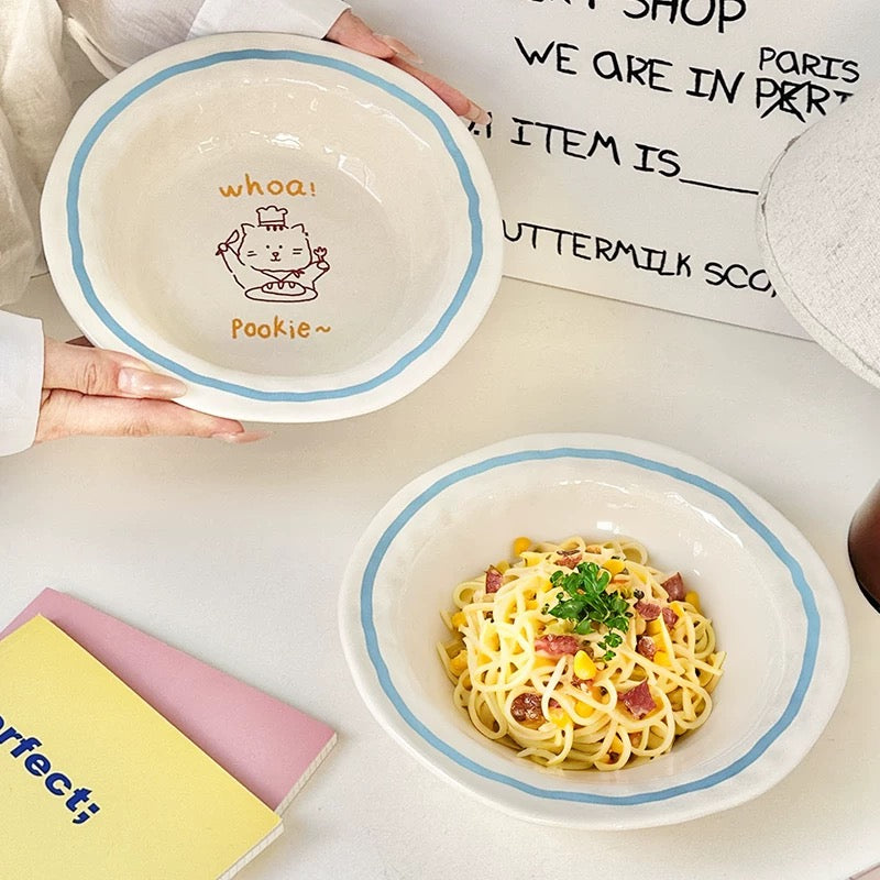 The Hand-Drawn Cat & Dog Blue Line Ceramic Plate features playful cat and dog illustrations paired with a soft cream base and hand-painted blue rim lines. The relaxed, slightly irregular design brings a warm, handmade feel while remaining simple and versatile for everyday use.
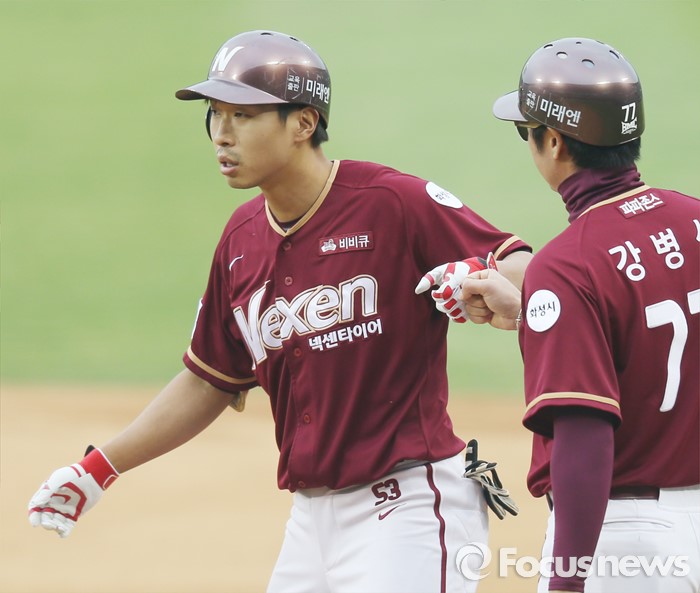 신재영과 고종욱은 각각 200만원을, 김세현은 100만원을 상금으로 받는다.(서울=포커스뉴스) 10일 서울 잠실구장에서 열린 2016 프로야구 넥센-두산 경기 7회초 2사 2루에서 넥센 대타 고종욱이 중전 적시타를 치고 1루에서 강병식 코치와 주먹을 마주치고 있다. 2016.04.10 우정식 기자
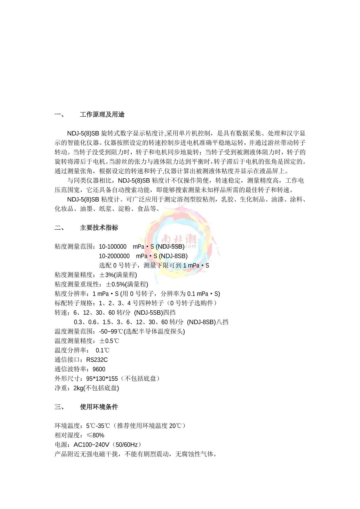 Pushen NDJ-5S Rotational Viscometer Manual,OI
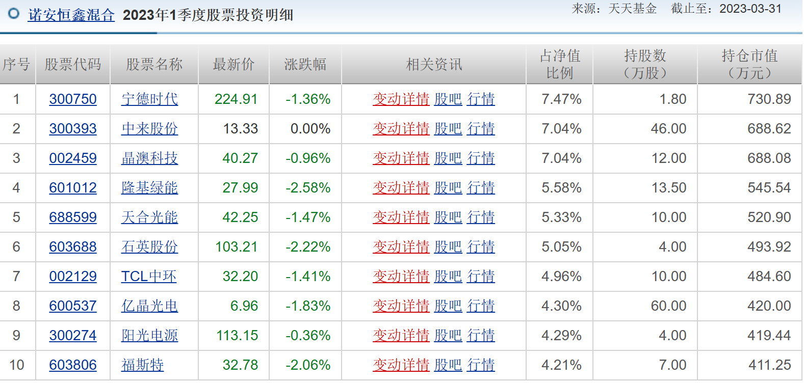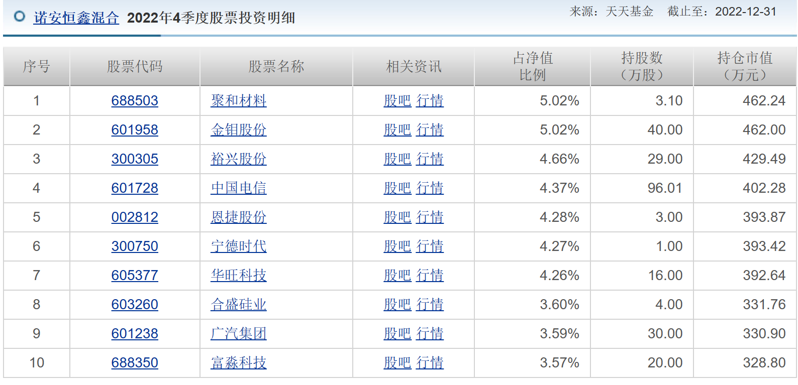 共管混合型-偏股基金诺安恒鑫混合在2022年3季度、4季度投票投资明细
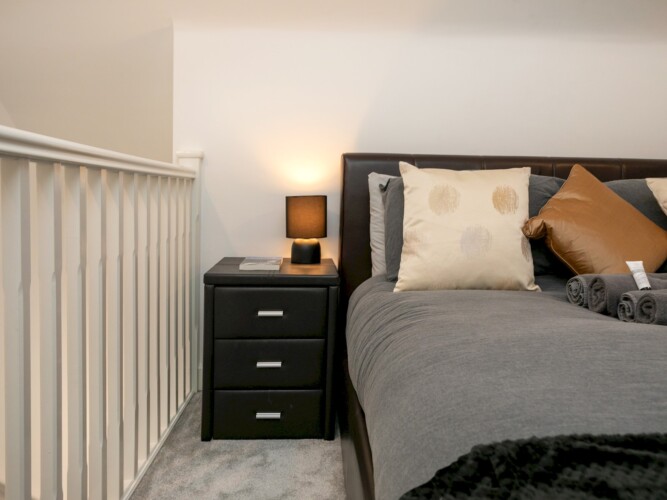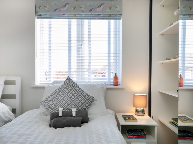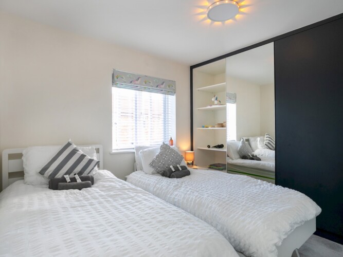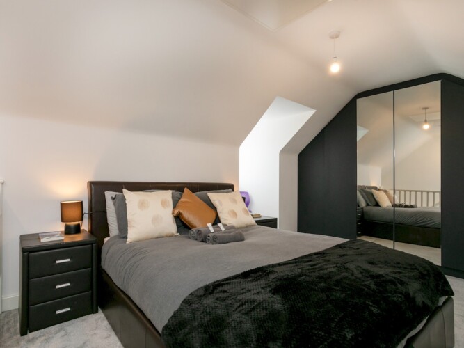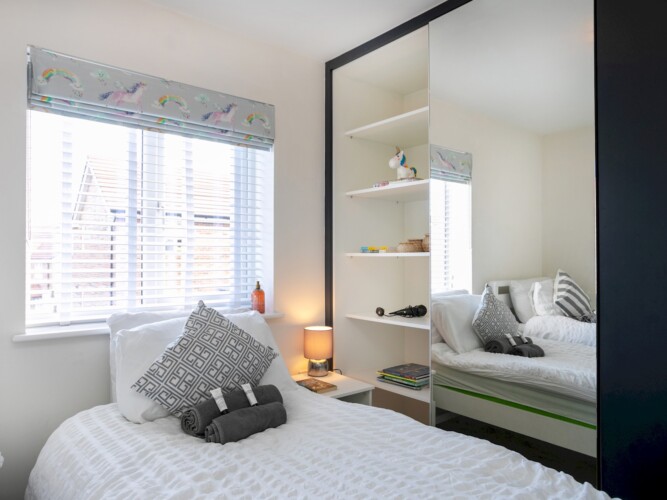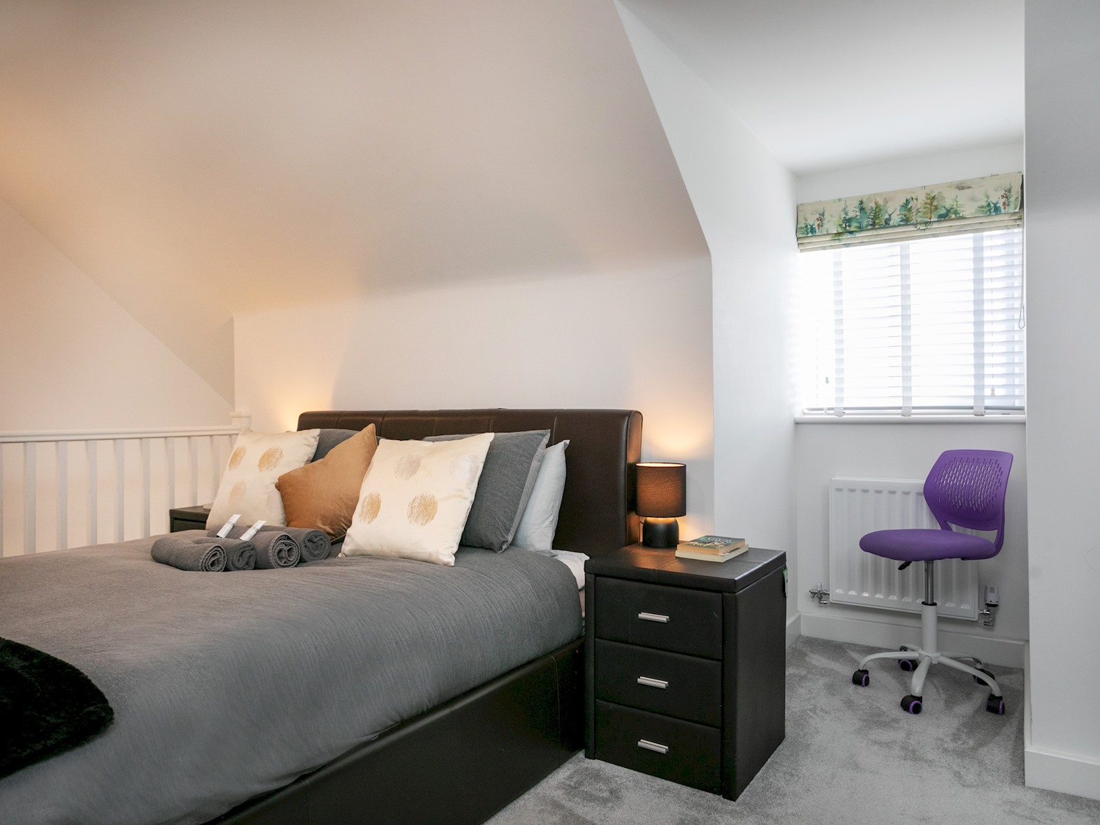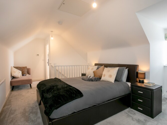 Climb to the top floor, and you’ll find your private sanctuary — the master bedroom. This calm retreat features a king-size bed, fitted wardrobes, and a sleek ensuite bathroom. Wake up to gentle morning light, open the window to let in a soft breeze, and start your day feeling completely recharged.
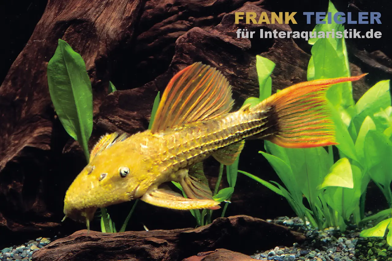 Der Rotflossen-Kaktuswels (Pseudacanthicus cf. serratus, L24), international bekannt als Fire Fin Cactus Pleco, ist ein eindrucksvoller Großwels aus dem Rio Tocantins in Brasilien. Dort lebt er in strömungsreichen Flussbereichen mit felsigem Untergrund, Wurzeln und vereinzelten Rückzugsorten. Typisch für diese Art sind die kräftig rot gefärbten Flossensäume, die stark mit der sonstigen Körperfärbung kontrastieren. L24 gehört zu den markantesten Vertretern der Gattung Pseudacanthicus und zählt mit seiner massiven Statur und intensiven Färbung zu den beliebtesten Schauwertwelsen. Je nach Herkunftsfluss und individueller Ausprägung können Tiere von tiefbraun mit rötlichen Flossen bis hin zu fast goldgelben Körperfarben mit orange leuchtenden Flossen variieren. Diese Farbvariabilität ist bei L24 natürlich und Ausdruck unterschiedlicher Fundorte.
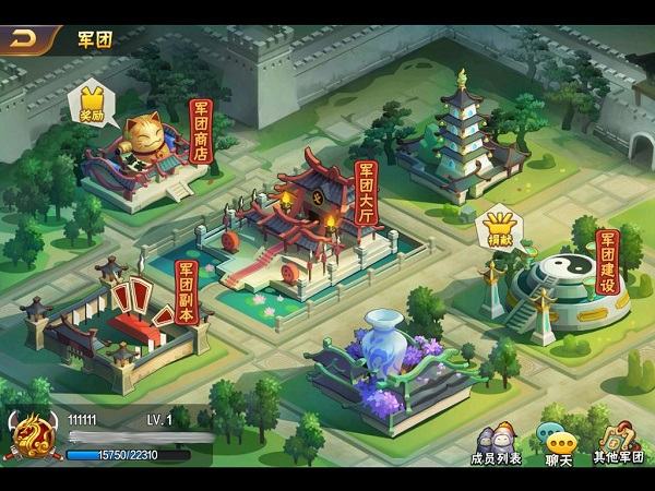 军团系统中包括:军团商店、军团副本、军团大厅、军团建设。军团建设主要包含初级建设、中级建设、高级建设。
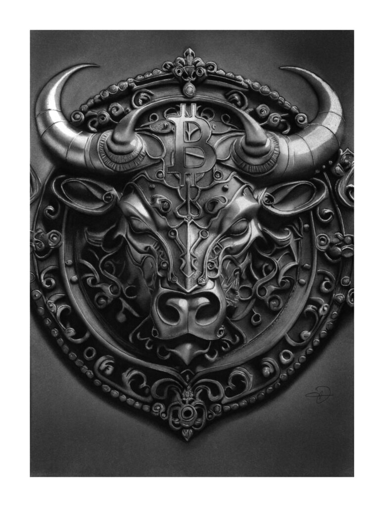 ‘Bullish’ encapsulates the crypto narrative. Aggressive. Focussed. A nod to the future of money, Bitcoin. ‘Bullish’ is a hand-drawn, hyper-realism Original artwork by Dullal Miah, taking 90 hours to create.
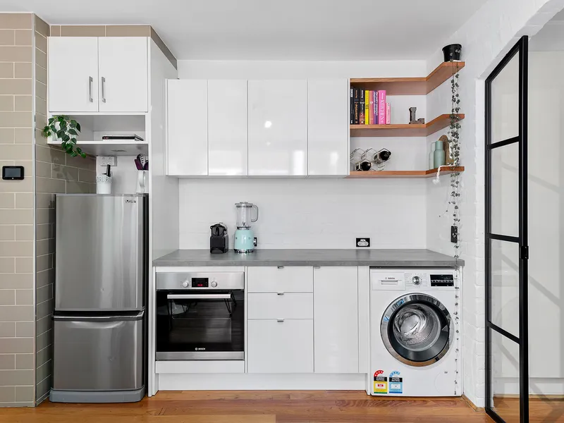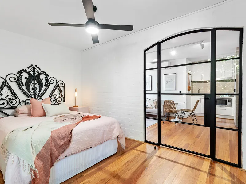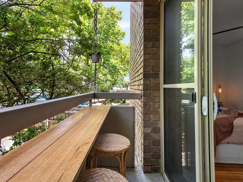 The accommodating open-plan living and dining area is light and airy; while the renovated kitchen is designed to perform with an induction cooktop, Bosch oven, built-in microwave, stone benchtop, custom hardwood ash shelving and integrated laundry. Stunning custom steel and glass doors introduce the spacious double bedroom with built-in robes, while allowing the light and views to flow through the entire interior; while the balcony is gorgeous spot with a custom bar, and terrazzo look tiles.
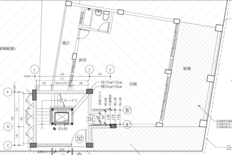 型鋼為主結構,外覆防火時效一小時輕隔間牆,本樓梯間屬挑空挑高空間 設置昇降機(詳設計圖A1-1至A4-1,詳計畫書第9-11至9-15頁)。
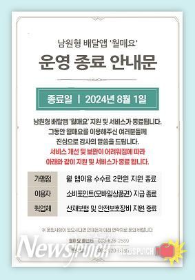 뉴스펀치 유동국 기자 | 남원시가 지역 소상공인의 배달 앱 수수료 부담을 덜어주기 위해 도입했던 배달 앱 '월매요'의 운영을 8월 1일부터 종료한다고 밝혔다.
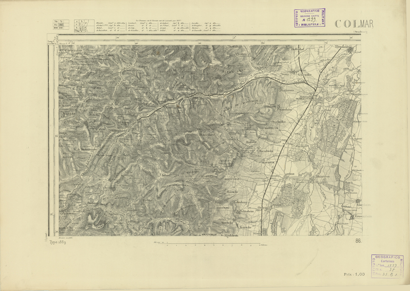 "Paris. - Service Géograèhique de l'Armée, 1889. Ebbe origine dall'Edizione zincografica in quarti di foglio, stabilita fino dal 1879, per la Carta detta de "L'etat-Major". Infatti non rispondendo più il sistema della riproduzione zincografica alle esigenze che la revisione dei fogli imponeva per un inevitabile logoramento dei rami originali, fu proposta dapprima la correzione degli zinchi, ma questo, importando un lavoro lungo e gravoso, si adottò il procedimento galvanico. I rami galvanici ottenuti e corretti secondo questo sistema presero il nome di "édition type 1889". Allo scopo di facilitare l'incisione fu adoperata la suddivisione in quarti di foglio come per l'edizione zincografica. la revisione dei fogli di questo tipo nnn fu iniziata che nel 1893. Dal catalogo del S.G.A. risultano mancanti a questa edizione i dipartimenti della "Moselle", del "Bas-Rhin" e del "Haut-Rhin" per le quali non esiste che una edizione in fogli interi aggiornata nel 1901."

#### TASK REQUIREMENTS
Using the data above, print only the lines starting at the one with "军团系统中包括:军团商店、军" and ending at the one with "hours to create.", exactly as they stand, minus the pictures.

#### SOLUTION FOR THIS TASK
 军团系统中包括:军团商店、军团副本、军团大厅、军团建设。军团建设主要包含初级建设、中级建设、高级建设。
 ‘Bullish’ encapsulates the crypto narrative. Aggressive. Focussed. A nod to the future of money, Bitcoin. ‘Bullish’ is a hand-drawn, hyper-realism Original artwork by Dullal Miah, taking 90 hours to create.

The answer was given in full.